- Information supplied -
Segment Open

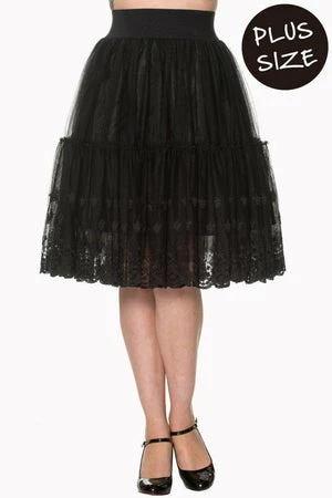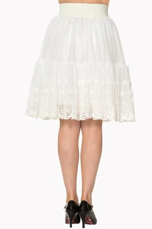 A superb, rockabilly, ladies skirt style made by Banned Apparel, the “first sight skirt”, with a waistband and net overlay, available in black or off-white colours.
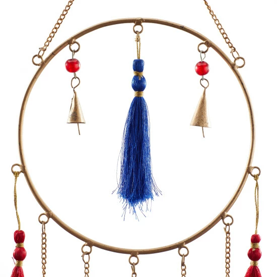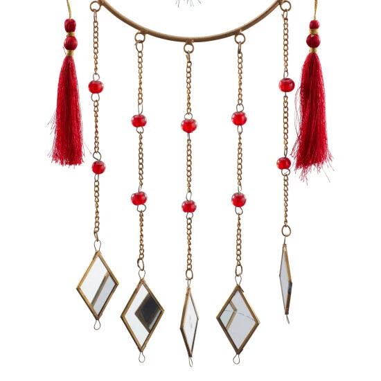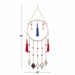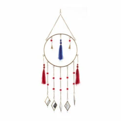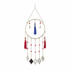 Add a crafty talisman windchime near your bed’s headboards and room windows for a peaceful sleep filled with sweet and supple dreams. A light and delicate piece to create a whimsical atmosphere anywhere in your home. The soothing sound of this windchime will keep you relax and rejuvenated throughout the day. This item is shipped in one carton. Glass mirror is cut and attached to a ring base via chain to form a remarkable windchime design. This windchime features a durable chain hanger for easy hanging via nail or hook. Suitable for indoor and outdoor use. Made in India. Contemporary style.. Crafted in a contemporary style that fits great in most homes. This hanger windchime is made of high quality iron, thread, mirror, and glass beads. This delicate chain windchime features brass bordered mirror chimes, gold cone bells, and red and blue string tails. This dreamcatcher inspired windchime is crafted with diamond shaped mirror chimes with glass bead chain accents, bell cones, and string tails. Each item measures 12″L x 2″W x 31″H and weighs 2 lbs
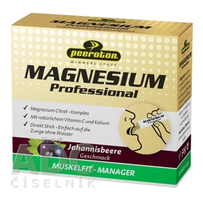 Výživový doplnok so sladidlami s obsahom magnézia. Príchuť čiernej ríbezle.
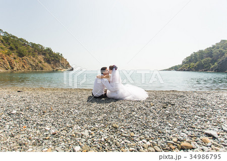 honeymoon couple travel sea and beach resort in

Segment Closed

- Description of the task -
Skipping all images, output the listing exactly.

- Response -
 A superb, rockabilly, ladies skirt style made by Banned Apparel, the “first sight skirt”, with a waistband and net overlay, available in black or off-white colours.
 Add a crafty talisman windchime near your bed’s headboards and room windows for a peaceful sleep filled with sweet and supple dreams. A light and delicate piece to create a whimsical atmosphere anywhere in your home. The soothing sound of this windchime will keep you relax and rejuvenated throughout the day. This item is shipped in one carton. Glass mirror is cut and attached to a ring base via chain to form a remarkable windchime design. This windchime features a durable chain hanger for easy hanging via nail or hook. Suitable for indoor and outdoor use. Made in India. Contemporary style.. Crafted in a contemporary style that fits great in most homes. This hanger windchime is made of high quality iron, thread, mirror, and glass beads. This delicate chain windchime features brass bordered mirror chimes, gold cone bells, and red and blue string tails. This dreamcatcher inspired windchime is crafted with diamond shaped mirror chimes with glass bead chain accents, bell cones, and string tails. Each item measures 12″L x 2″W x 31″H and weighs 2 lbs
 Výživový doplnok so sladidlami s obsahom magnézia. Príchuť čiernej ríbezle.
 honeymoon couple travel sea and beach resort in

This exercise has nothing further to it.